◆ Assignment
All of the lines below need to be copied exactly, apart from the pictures.

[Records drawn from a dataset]
--------------------------------

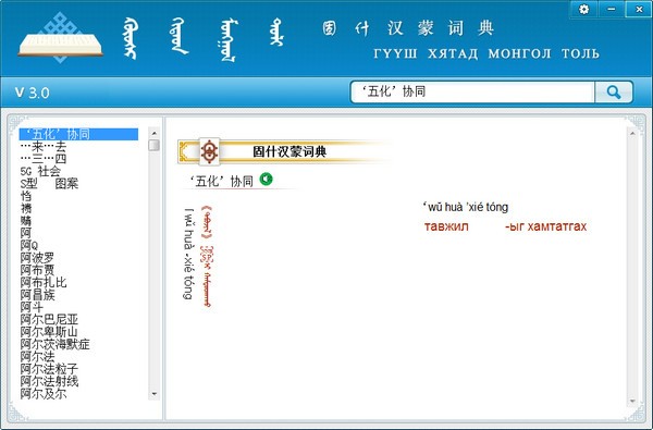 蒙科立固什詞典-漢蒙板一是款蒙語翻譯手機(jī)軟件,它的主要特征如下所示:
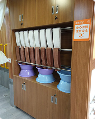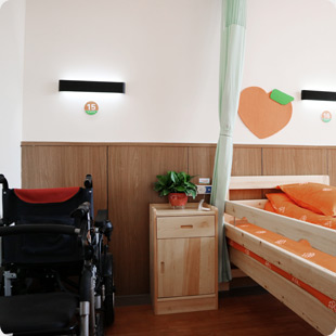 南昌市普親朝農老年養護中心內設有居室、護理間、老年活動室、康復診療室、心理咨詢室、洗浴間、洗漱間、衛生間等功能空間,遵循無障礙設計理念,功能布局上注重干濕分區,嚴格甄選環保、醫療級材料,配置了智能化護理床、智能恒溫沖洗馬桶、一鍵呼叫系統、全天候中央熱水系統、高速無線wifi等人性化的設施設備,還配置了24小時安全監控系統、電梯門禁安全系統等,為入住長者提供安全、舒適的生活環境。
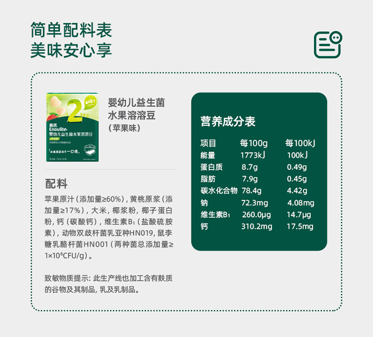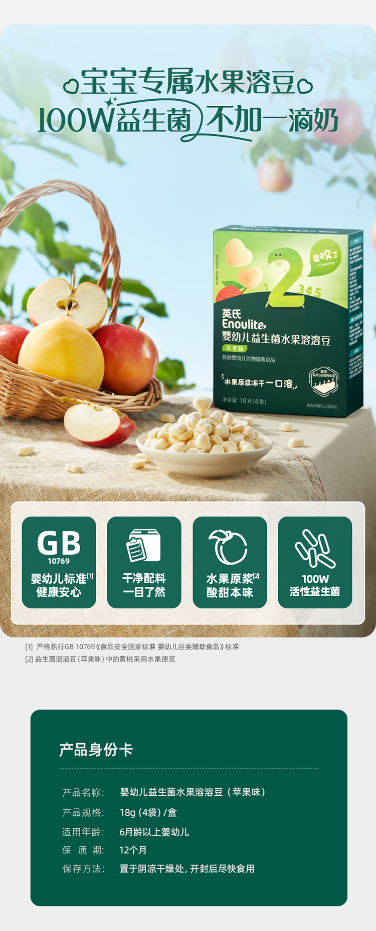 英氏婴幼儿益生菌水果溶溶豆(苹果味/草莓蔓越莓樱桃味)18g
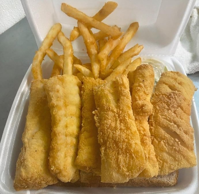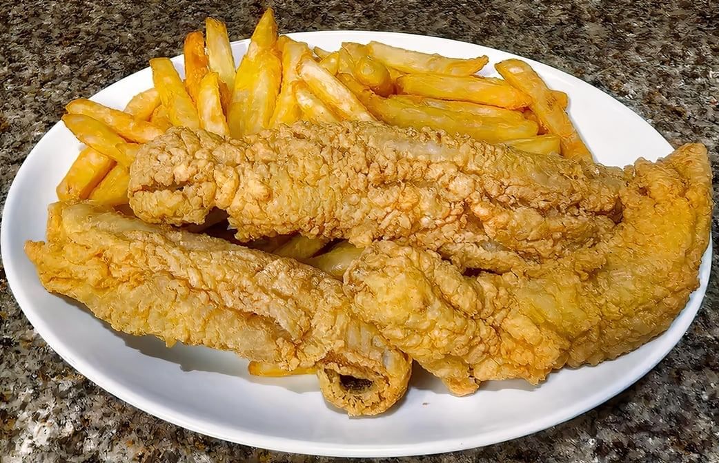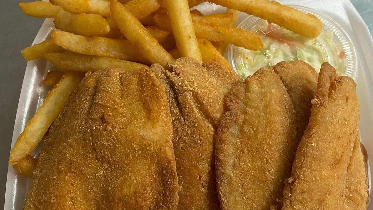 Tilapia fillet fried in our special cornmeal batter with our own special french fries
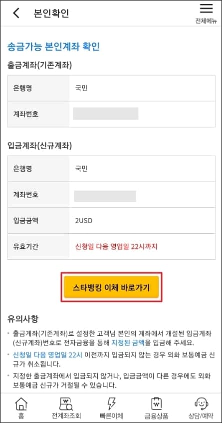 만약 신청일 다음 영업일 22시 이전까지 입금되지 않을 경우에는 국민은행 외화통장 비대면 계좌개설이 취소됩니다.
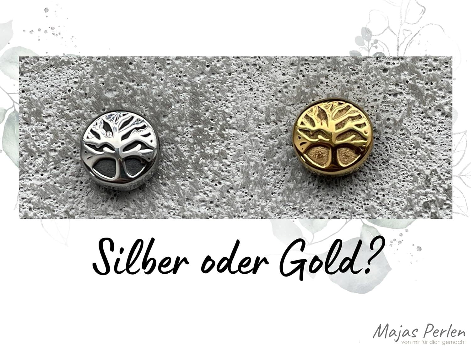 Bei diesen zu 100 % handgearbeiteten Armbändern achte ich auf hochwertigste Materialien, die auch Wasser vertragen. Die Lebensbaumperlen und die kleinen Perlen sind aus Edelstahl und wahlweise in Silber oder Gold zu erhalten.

--------------------------------

◆ Task answer
 蒙科立固什詞典-漢蒙板一是款蒙語翻譯手機(jī)軟件,它的主要特征如下所示:
 南昌市普親朝農老年養護中心內設有居室、護理間、老年活動室、康復診療室、心理咨詢室、洗浴間、洗漱間、衛生間等功能空間,遵循無障礙設計理念,功能布局上注重干濕分區,嚴格甄選環保、醫療級材料,配置了智能化護理床、智能恒溫沖洗馬桶、一鍵呼叫系統、全天候中央熱水系統、高速無線wifi等人性化的設施設備,還配置了24小時安全監控系統、電梯門禁安全系統等,為入住長者提供安全、舒適的生活環境。
 英氏婴幼儿益生菌水果溶溶豆(苹果味/草莓蔓越莓樱桃味)18g
 Tilapia fillet fried in our special cornmeal batter with our own special french fries
 만약 신청일 다음 영업일 22시 이전까지 입금되지 않을 경우에는 국민은행 외화통장 비대면 계좌개설이 취소됩니다.
 Bei diesen zu 100 % handgearbeiteten Armbändern achte ich auf hochwertigste Materialien, die auch Wasser vertragen. Die Lebensbaumperlen und die kleinen Perlen sind aus Edelstahl und wahlweise in Silber oder Gold zu erhalten.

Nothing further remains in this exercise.